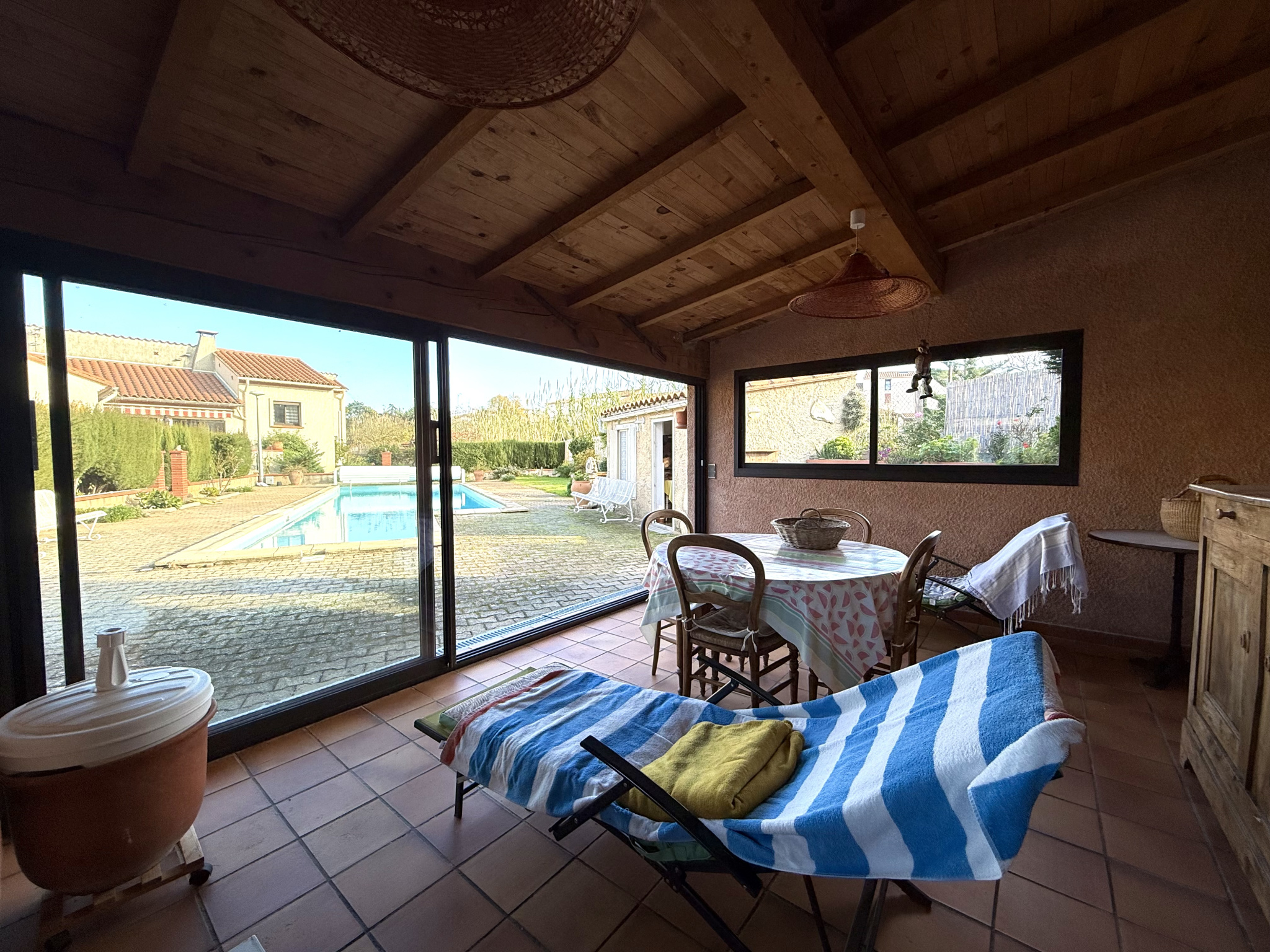 Le jardin est arboré et paysagé et la villa dispose d'une belle PISCINE avec un POOL-HOUSE, une cuisine d'été, un coin barbecue et une dépendance d'environ 11 m2 !
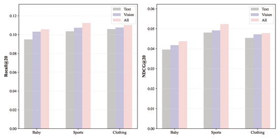 To investigate the impact of different modal information inputs on the performance of the recommendation model, we conducted experiments under three different modal inputs: text information input, image information input, and a combination of text and image information inputs. As shown in Figure 2, both text and image modal inputs could effectively enhance the model’s performance, but the performance improvement was more significant with image information. This indicates that effectively handling noise in multimodal information can significantly boost model performance. This may be because, in real-world scenarios, people tend to rely more on images when shopping, as visual impact is more pronounced. In contrast, textual descriptions are less direct and often contain irrelevant information, making it difficult for users to immediately find the needed information and requiring further filtering and processing of the text.
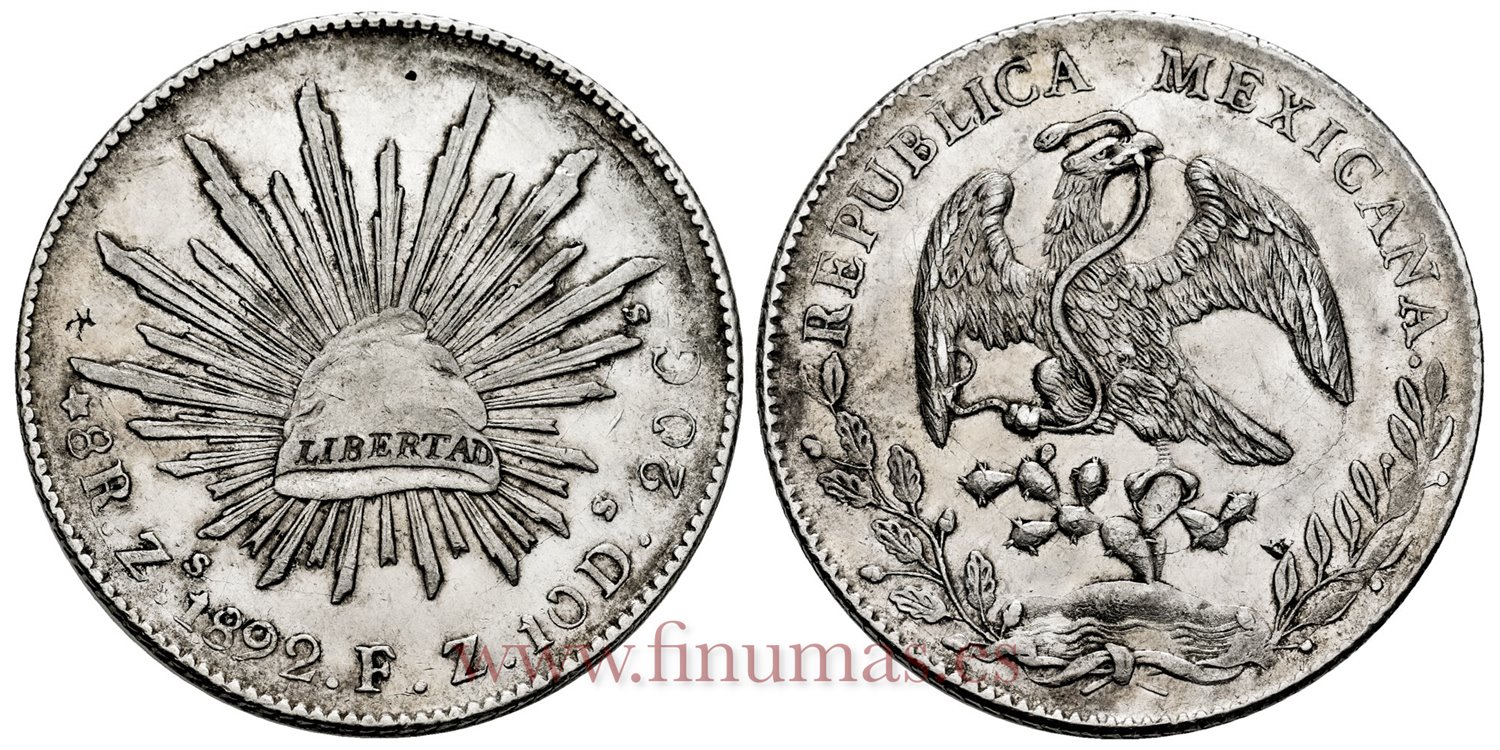 MEXICO - k-377-13 - 8 REALES 1892 Zacatecas F.Z.-EBC-
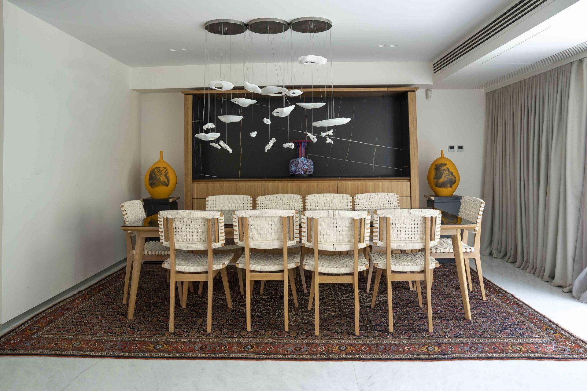 اگر فضای کافی برای میز غذاخوری وجود دارد، بهتر است اندازه فرش به گونهای انتخاب شود که تمامی صندلیهای دور میز، حتی زمانی که بیرون کشیده میشوند، روی فرش قرار گیرند. این امر نه تنها به زیبایی فضا میافزاید بلکه به جلوگیری از آسیب دیدن لبههای فرش و همچنین راحتی بیشتر در هنگام استفاده کمک میکند. اما اگر فضا محدود است، میتوان سایز فرش غذاخوری را به گونهای انتخاب کرد که صندلیها تنها در حالت چسبیده به میز به طور کامل بر روی فرش قرار گیرند و زمان استفاده از صندلیها پایههای عقبی آن روی زمین باشد. برای میز غذاخوری چهار نفره فرشهای پردهای که مساحتی بین ۴ تا ۵ متر دارند و برای میز غذاخوری شش نفره فرشهای ۶ متری خانه دیدار بهترین انتخاب خواهند بود. برای میزهای هشت نفره به بالا هم بهتر است از فرشهای بزرگ پارچه استفاده شود.
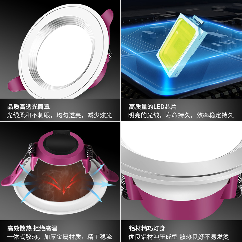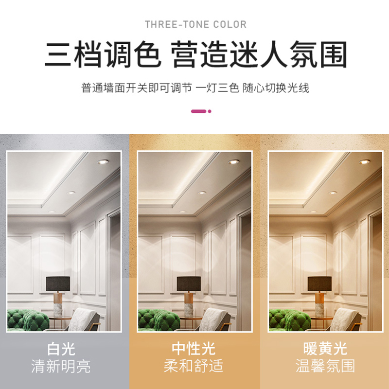 Luxury White Garkin -2 5 inch Three Color Changing Light 5W-hole 6 5-8 5cm (10 only loaded) Pure white -4 - inch white light 12W-bore 11-13cm (10 only fit
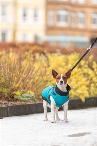 Trixie Hondenjas Pontis Met Tuig Aqua 40 cm De Trixie Hondenjas Pontis Met Tuig Aqua 40 cmis een handige jas met kraag voor de hond die waterafstotend is, met een geïntegreerd tuig. Jouw hond blijft mooi droog en warm tijdens regenachtige dagen! Met deze handige waterafstotende jas van Trixie weten jullie elk weer te trotseren. De Pontis jas is gemaakt van polyester en is gevoerd en gewatteerd met fleece. De jas heeft een geïntegreerd tuig, wat het aanlijnen met een jasje aan een stuk eenvoudiger maakt. Daarnaast heeft de jas een kraag en is het voorzien van een rits over de gehele rug. Door de beenlussen, die verstelbaar zijn, ben je verzekerd van een goede pasvorm en blijft de jas mooi op zijn plek. Door de reflecterende elementen valt jouw hond bovendien lekker op! De jas is te wassen op 30 graden Celsius.

§ **Exercise objective**:
Only the pictures are dropped when you print the material; everything else is copied exactly.

§ **Output for this exercise**:
 Le jardin est arboré et paysagé et la villa dispose d'une belle PISCINE avec un POOL-HOUSE, une cuisine d'été, un coin barbecue et une dépendance d'environ 11 m2 !
 To investigate the impact of different modal information inputs on the performance of the recommendation model, we conducted experiments under three different modal inputs: text information input, image information input, and a combination of text and image information inputs. As shown in Figure 2, both text and image modal inputs could effectively enhance the model’s performance, but the performance improvement was more significant with image information. This indicates that effectively handling noise in multimodal information can significantly boost model performance. This may be because, in real-world scenarios, people tend to rely more on images when shopping, as visual impact is more pronounced. In contrast, textual descriptions are less direct and often contain irrelevant information, making it difficult for users to immediately find the needed information and requiring further filtering and processing of the text.
 MEXICO - k-377-13 - 8 REALES 1892 Zacatecas F.Z.-EBC-
 اگر فضای کافی برای میز غذاخوری وجود دارد، بهتر است اندازه فرش به گونهای انتخاب شود که تمامی صندلیهای دور میز، حتی زمانی که بیرون کشیده میشوند، روی فرش قرار گیرند. این امر نه تنها به زیبایی فضا میافزاید بلکه به جلوگیری از آسیب دیدن لبههای فرش و همچنین راحتی بیشتر در هنگام استفاده کمک میکند. اما اگر فضا محدود است، میتوان سایز فرش غذاخوری را به گونهای انتخاب کرد که صندلیها تنها در حالت چسبیده به میز به طور کامل بر روی فرش قرار گیرند و زمان استفاده از صندلیها پایههای عقبی آن روی زمین باشد. برای میز غذاخوری چهار نفره فرشهای پردهای که مساحتی بین ۴ تا ۵ متر دارند و برای میز غذاخوری شش نفره فرشهای ۶ متری خانه دیدار بهترین انتخاب خواهند بود. برای میزهای هشت نفره به بالا هم بهتر است از فرشهای بزرگ پارچه استفاده شود.
 Luxury White Garkin -2 5 inch Three Color Changing Light 5W-hole 6 5-8 5cm (10 only loaded) Pure white -4 - inch white light 12W-bore 11-13cm (10 only fit
 Trixie Hondenjas Pontis Met Tuig Aqua 40 cm De Trixie Hondenjas Pontis Met Tuig Aqua 40 cmis een handige jas met kraag voor de hond die waterafstotend is, met een geïntegreerd tuig. Jouw hond blijft mooi droog en warm tijdens regenachtige dagen! Met deze handige waterafstotende jas van Trixie weten jullie elk weer te trotseren. De Pontis jas is gemaakt van polyester en is gevoerd en gewatteerd met fleece. De jas heeft een geïntegreerd tuig, wat het aanlijnen met een jasje aan een stuk eenvoudiger maakt. Daarnaast heeft de jas een kraag en is het voorzien van een rits over de gehele rug. Door de beenlussen, die verstelbaar zijn, ben je verzekerd van een goede pasvorm en blijft de jas mooi op zijn plek. Door de reflecterende elementen valt jouw hond bovendien lekker op! De jas is te wassen op 30 graden Celsius.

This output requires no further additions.